What to produce
Each line below from the one containing "Измерен спектр рассеяния" through the one containing "9月13日上午,我校在南校区" should be output exactly as it stands, and no other line should appear.
Raw data Block Start
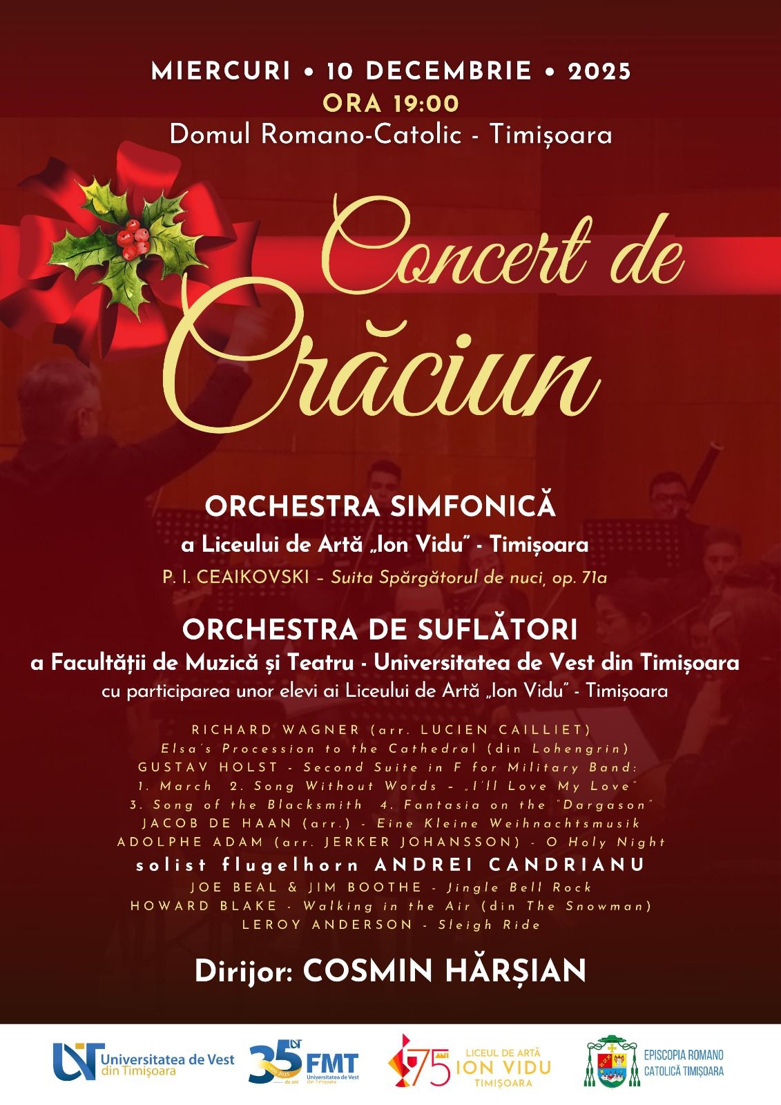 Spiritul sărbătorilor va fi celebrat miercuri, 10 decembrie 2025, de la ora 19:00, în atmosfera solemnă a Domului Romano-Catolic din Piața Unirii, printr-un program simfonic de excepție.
Raw data Block End
Raw data Block Start
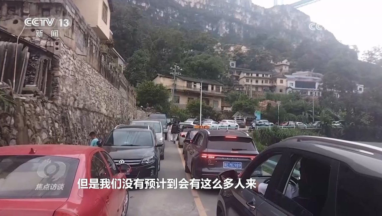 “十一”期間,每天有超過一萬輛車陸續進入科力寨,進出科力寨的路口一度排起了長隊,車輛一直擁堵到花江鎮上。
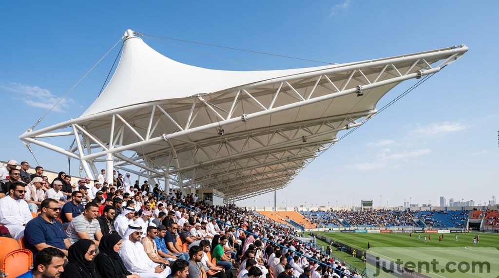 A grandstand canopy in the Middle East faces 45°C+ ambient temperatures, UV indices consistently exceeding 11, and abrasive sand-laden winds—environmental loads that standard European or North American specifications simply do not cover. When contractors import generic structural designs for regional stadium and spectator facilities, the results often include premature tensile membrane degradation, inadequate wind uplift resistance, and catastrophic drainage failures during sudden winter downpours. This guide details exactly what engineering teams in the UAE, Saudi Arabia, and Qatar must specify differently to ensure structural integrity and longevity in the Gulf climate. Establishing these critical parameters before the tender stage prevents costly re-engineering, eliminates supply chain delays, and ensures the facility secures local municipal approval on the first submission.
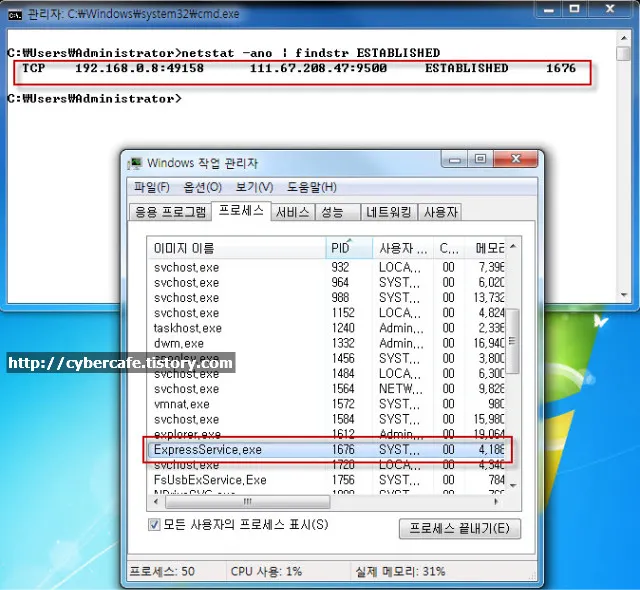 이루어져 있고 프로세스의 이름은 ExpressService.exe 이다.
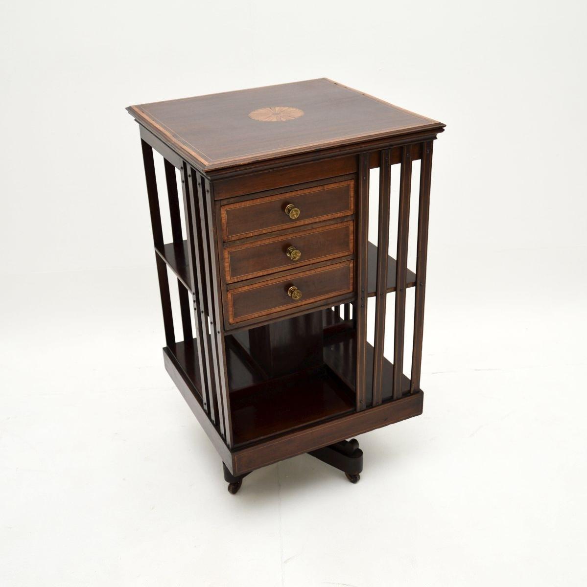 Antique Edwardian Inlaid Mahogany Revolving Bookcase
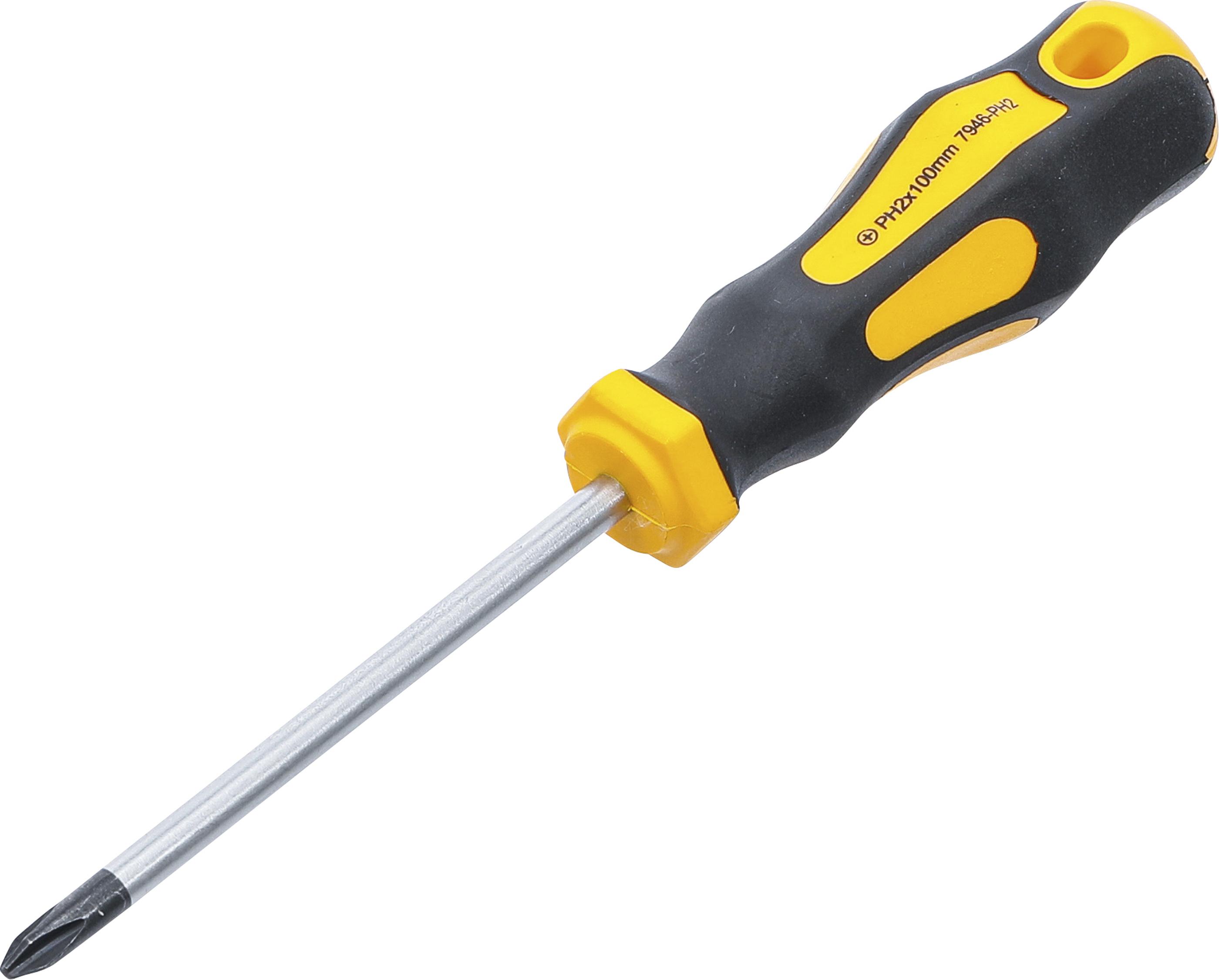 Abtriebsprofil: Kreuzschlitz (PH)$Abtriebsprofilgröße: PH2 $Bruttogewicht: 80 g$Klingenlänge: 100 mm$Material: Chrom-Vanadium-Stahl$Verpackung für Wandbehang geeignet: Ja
Raw data Block End
Raw data Block Start
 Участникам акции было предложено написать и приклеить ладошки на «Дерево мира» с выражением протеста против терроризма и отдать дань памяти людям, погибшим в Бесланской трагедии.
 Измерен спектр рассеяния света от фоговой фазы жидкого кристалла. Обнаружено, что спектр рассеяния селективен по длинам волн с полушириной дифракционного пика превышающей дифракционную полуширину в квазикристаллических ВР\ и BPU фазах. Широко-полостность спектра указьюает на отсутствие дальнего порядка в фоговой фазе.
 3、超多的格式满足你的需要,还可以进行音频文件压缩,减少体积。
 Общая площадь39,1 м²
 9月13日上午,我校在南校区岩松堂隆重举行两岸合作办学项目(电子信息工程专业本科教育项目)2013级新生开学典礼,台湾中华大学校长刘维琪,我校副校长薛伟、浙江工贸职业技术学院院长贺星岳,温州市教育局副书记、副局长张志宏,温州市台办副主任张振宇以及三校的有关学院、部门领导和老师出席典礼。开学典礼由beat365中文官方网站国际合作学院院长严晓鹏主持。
Raw data Block End
Answer for the task
 Измерен спектр рассеяния света от фоговой фазы жидкого кристалла. Обнаружено, что спектр рассеяния селективен по длинам волн с полушириной дифракционного пика превышающей дифракционную полуширину в квазикристаллических ВР\ и BPU фазах. Широко-полостность спектра указьюает на отсутствие дальнего порядка в фоговой фазе.
 3、超多的格式满足你的需要,还可以进行音频文件压缩,减少体积。
 Общая площадь39,1 м²
 9月13日上午,我校在南校区岩松堂隆重举行两岸合作办学项目(电子信息工程专业本科教育项目)2013级新生开学典礼,台湾中华大学校长刘维琪,我校副校长薛伟、浙江工贸职业技术学院院长贺星岳,温州市教育局副书记、副局长张志宏,温州市台办副主任张振宇以及三校的有关学院、部门领导和老师出席典礼。开学典礼由beat365中文官方网站国际合作学院院长严晓鹏主持。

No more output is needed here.